'Our Endangered Values: America's Moral Crisis'


Few politicians approach their understanding of the role of government in terms of Christian ethics. Jimmy Carter does. This is a powerful book written by one whose political career may suffer from mixed reviews by some, but none can challenge the fact that in his life is rooted in biblical faith and practice.

Here is a clearly confessional statement of the faith of one who calls himself a traditional evangelical Baptist. The book is a hard-hitting critique of the loss of civility in public discourse, which this former president attributes to the rise of the dual menaces of religious fundamentalism and political fundamentalism.

Carter begins his work with a clear confession of his faith as a former Southern Baptist rooted in the soil of Southern provincialism and biblical centrality.

He describes his life in the church, his life-long commitment of teaching Sunday school in the several churches in which he has been a member, and his family heritage of traditional faith. His mission trips and evangelistic witness, including sharing his faith with numerous world leaders, are described unapologetically. His pilgrimage is one with which many of the readers of EthicsDaily.com can readily identify.

What is unique for this book is its application of biblical teachings in unambiguous language to the pressing social, moral and political issues of our time. He is deeply concerned that America has lost her moral leadership in the world because of the failure to apply the ethic of Jesus in the body politic.

Carter describes his personal experiences with the rise of fundamentalism, its impact on his beloved denomination, its seeking after political influence, its denigration of women and homosexuals, and its abrasive treatment of all who disagree with its perspective.

The result of this fundamentalist mentality is the loss of a proper understanding of the reality that there should be no conflict between religion and science, the severe erosion of the separation of church and state, the elevation of homosexuality by the political and religious right as a sin above all others, an abhorrent practice of capital punishment, the subjugation of women in roles of leadership in the church, the growth of a misguided foreign policy, rejection of just-war approaches to international conflict and the despoiling of our environment.

The details of the book are too many for a brief review; hence, this is a book that must be read by all who care about a meaningful Christian ethic for our nation.

The most telling chapters of the book are his discussion of the proclivity of our current government toward violence, including the adoption of "preemptive war" ideology by the current administration, a policy that is encouraging proliferation of the world's nuclear arsenal and failing to practice human rights in the war on terrorism.

Multiple facts are provided to bolster his arguments, and they are chilling in their impact on the reader. Some of his facts are overstated, particularly his inflation of the number of nuclear weapons in the world—they are fewer than he states, but still ominous. The problem is actually worse than he describes in terms of the overwhelming numbers possessed by the United States compared to the rest of the world and in the more advanced levels of sophistication the United States possesses than any potential enemy.
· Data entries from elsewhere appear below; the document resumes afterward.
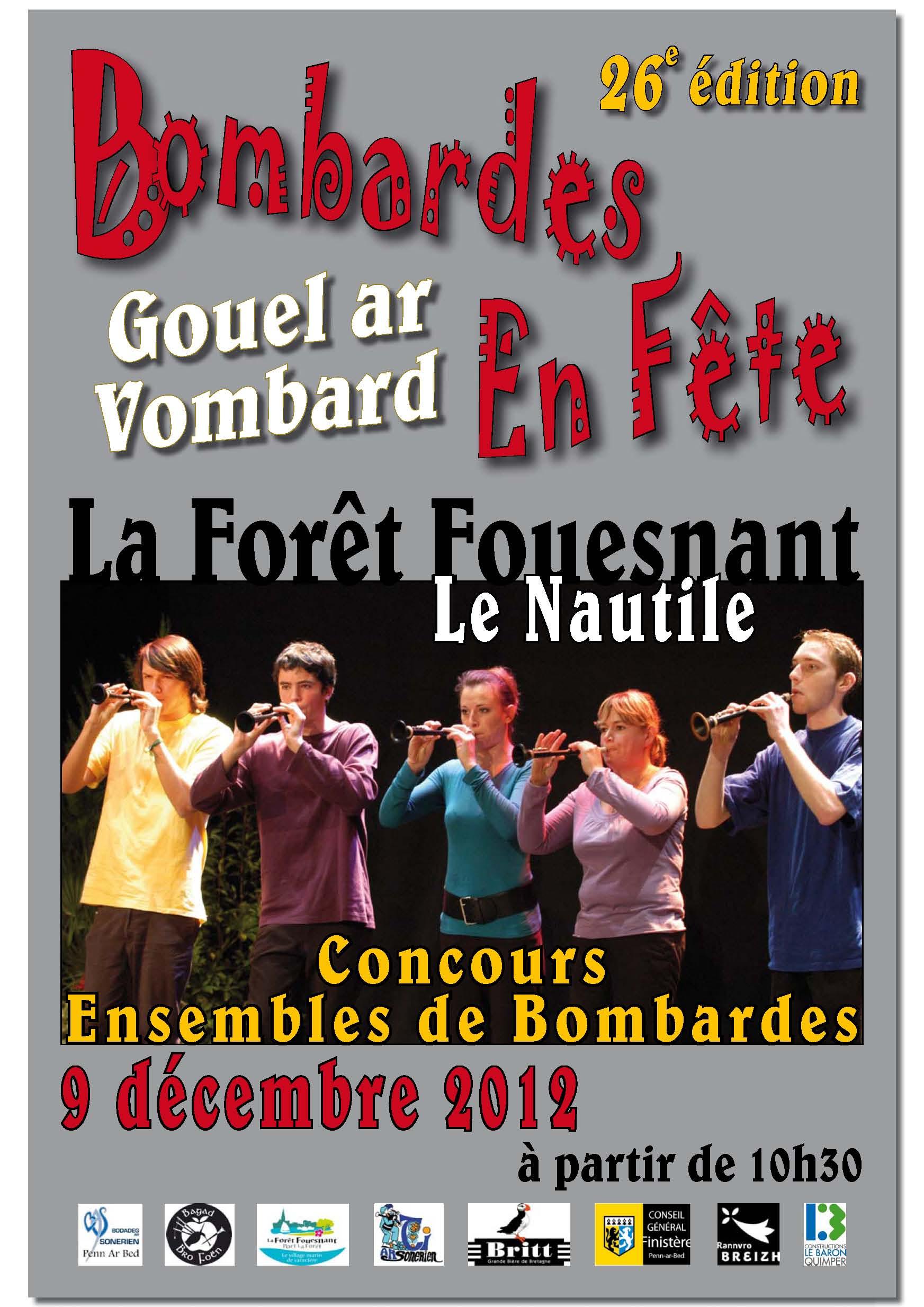 Dimanche 9 décembre, à partir de 11 h, aura lieu toute la journée, des concours d'ensembles de bombardes, dans le cadre de "Bombardes en Fête", dans la salle du Nautile, à La Forêt-Fouesnant.
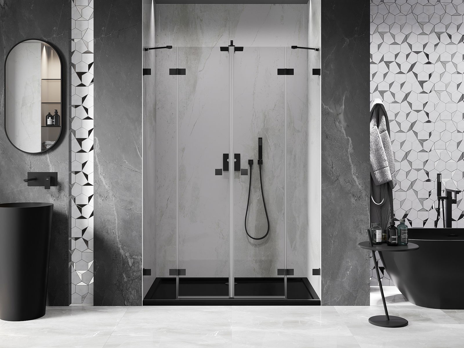 Mexen Lunar Dupla nyíló zuhanyajtó 140 cm, átlátszó, fekete - 834D-140-000-70-00
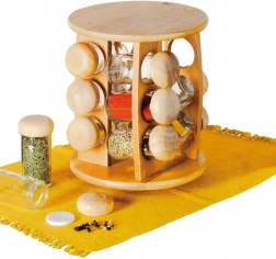 Stojalo navduši s klasičnim dizajnom, ki se prilega vsaki kuhinji, obenem pa prihrani prostor na delovni površini. Steklene posodice (brez pokrovčkov) lahko pomivate v pomivalnem stroju, kar olajša vzdrževanje. Komplet je idealen tudi kot praktično darilo za vselitev ali ljubitelje kuhanja. Začimbe niso vključene.
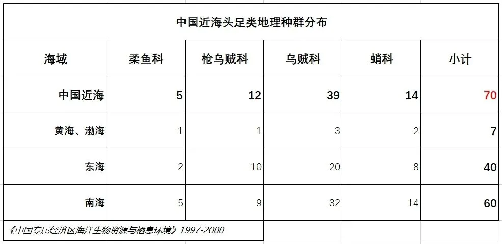 再来看看中国近海头足类资源的分布:根据1997-2000《中国专属经济区海洋生物资源鱼栖息环境调查》结果,中国沿海头足类品种合计70种,南海区60种、东海区40种、黄渤海区7种,呈现出明显的南多北少的格局。
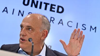 El presidente de la Liga ha insistido en la necesidad de tener herramientas para sancionar las conductas racistas y está a favor de la pérdida de puntos
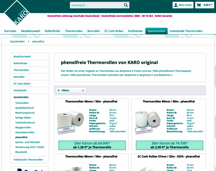 100% phenolfreie Thermorollen und EC Cash Rollen
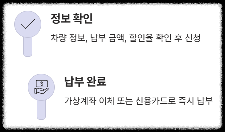 - 정보 확인 및 신청: 차량 정보와 납부 금액, 할인율을 확인하고 '신청' 클릭.
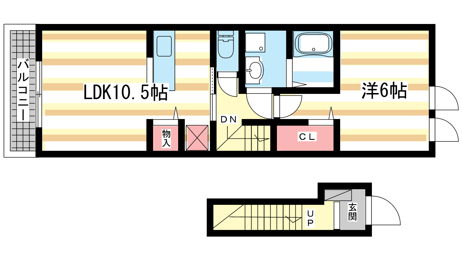 - LDK10.5帖、洋室6帖
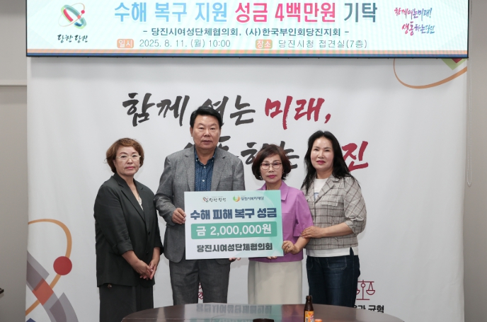 이번 성금은 집중호우로 피해를 본 이웃들의 조속한 생활 안정과 피해 복구를 돕기 위해 마련됐으며, 여성단체협의회와 한국부인회당진지회는 각각 200만 원씩을 기탁했다.

Fundamental to his understanding is the importance for American policy to be directed toward balancing the injustice between rich and poor nations and his offer of multiple practical initiatives of The Carter Center as examples of what our government should be doing to address this imbalance.

Clearly Carter's approach is reflective of the Democratic Party of which he is an unapologetic member and will likely be rejected by most fundamentalist Republicans, who are the primary villains of this work. But it is a book to be read and pondered by all. His critics should answer with a policy statement as thoroughly reflective of the biblical ethic as is this one.

Larry L. McSwain is professor of ethics and leadership at McAfee School of Theology in Atlanta.